# RECORDS PROVIDED
######

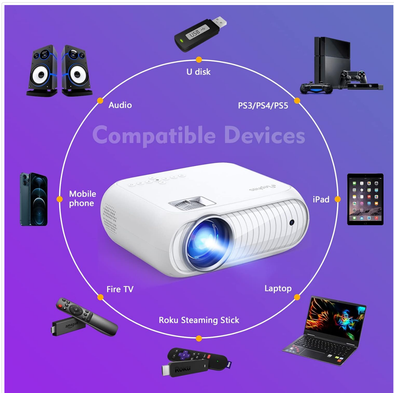
Figure 3.3: Illustration of various devices compatible with the projector, including mobile phones, iPads, laptops, Fire TV, Roku Streaming Stick, PS3/PS4/PS5, USB disks, and external audio systems.
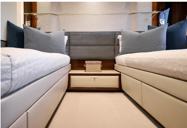
Princess 30M For Sale
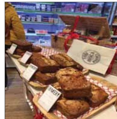
DELICIOUS baking on display at Avoca Food Market in Dublin.

Dublin is fairly compact, so walking and buses during the day, and taxis in
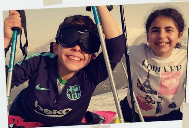
with my brother
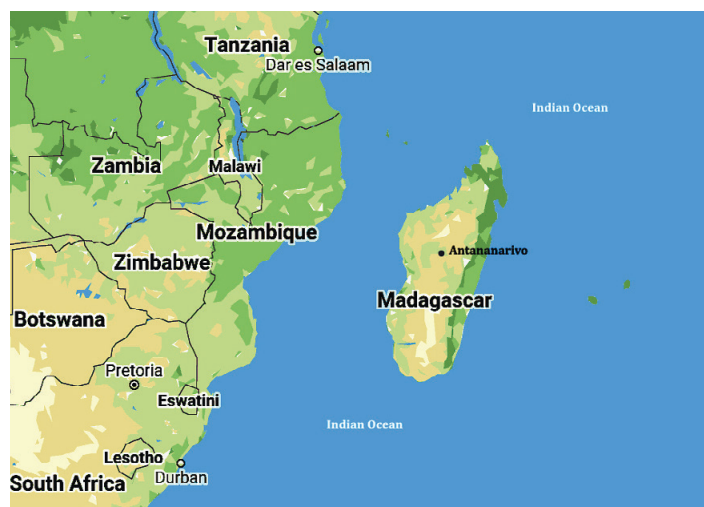
Map of Madagascar

This content was compiled in collaboration with the embassy. The views expressed here do not necessarily reflect those of the newspaper.

######

# WORK TASK
Everything from the line containing "DELICIOUS baking on" through the last line of the listing above must be output exactly, except the pictures.

# WRITTEN ANSWER
DELICIOUS baking on display at Avoca Food Market in Dublin.

Dublin is fairly compact, so walking and buses during the day, and taxis in
with my brother
Map of Madagascar

This content was compiled in collaboration with the embassy. The views expressed here do not necessarily reflect those of the newspaper.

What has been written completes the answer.